* **Supplied data**:
--- START ---

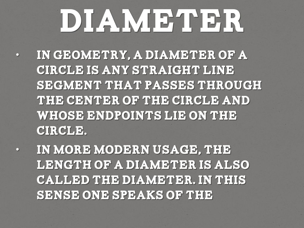 In geometry, a diameter of a circle is any straight line segment that passes through the center of the circle and whose endpoints lie on the circle.
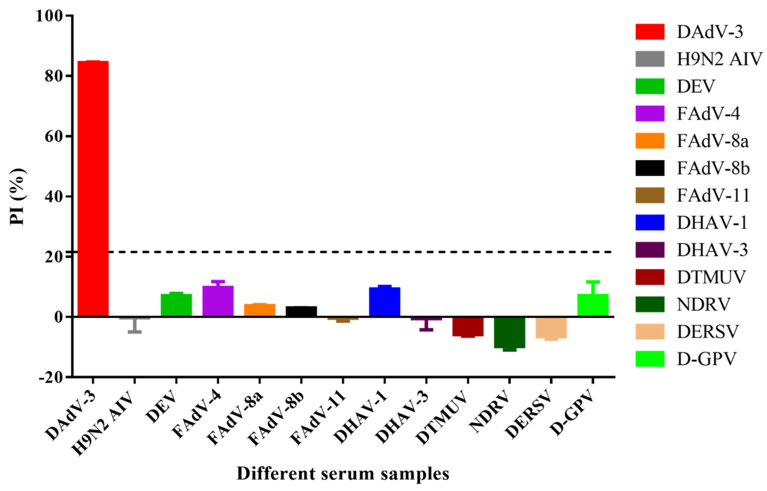 Specificity of the b-ELISA to anti-DAdV-3 serum. Thirteen sera against different viruses were investigated. The PI value of anti-DAdV-3 serum reached a maximum of 84.44%, while the other antisera against H9N2 AIV, DEV, FAdV-4, FAdV-8a, FAdV-8b, FAdV-11, DHAV-1, DHAV-3, DTMUV, NDRV, DERSV and D-GPV ranged from −9.77% to 9.57%, were all negative. The dotted line referred to the cut off value of 21.62%.
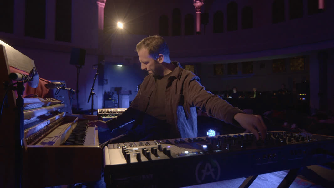 De muziek van Winterdagen en 15. klonk prachtig in de kerk, waarbij het publiek niet naar de artiest keek, maar liggend op een matras genoot van de visuals die op de koepel werden geprojecteerd.

--- END ---

* **Work instructions**: Your answer must be the full listing, reproduced word for word, without its pictures.

* **Response box**:
 In geometry, a diameter of a circle is any straight line segment that passes through the center of the circle and whose endpoints lie on the circle.
 Specificity of the b-ELISA to anti-DAdV-3 serum. Thirteen sera against different viruses were investigated. The PI value of anti-DAdV-3 serum reached a maximum of 84.44%, while the other antisera against H9N2 AIV, DEV, FAdV-4, FAdV-8a, FAdV-8b, FAdV-11, DHAV-1, DHAV-3, DTMUV, NDRV, DERSV and D-GPV ranged from −9.77% to 9.57%, were all negative. The dotted line referred to the cut off value of 21.62%.
 De muziek van Winterdagen en 15. klonk prachtig in de kerk, waarbij het publiek niet naar de artiest keek, maar liggend op een matras genoot van de visuals die op de koepel werden geprojecteerd.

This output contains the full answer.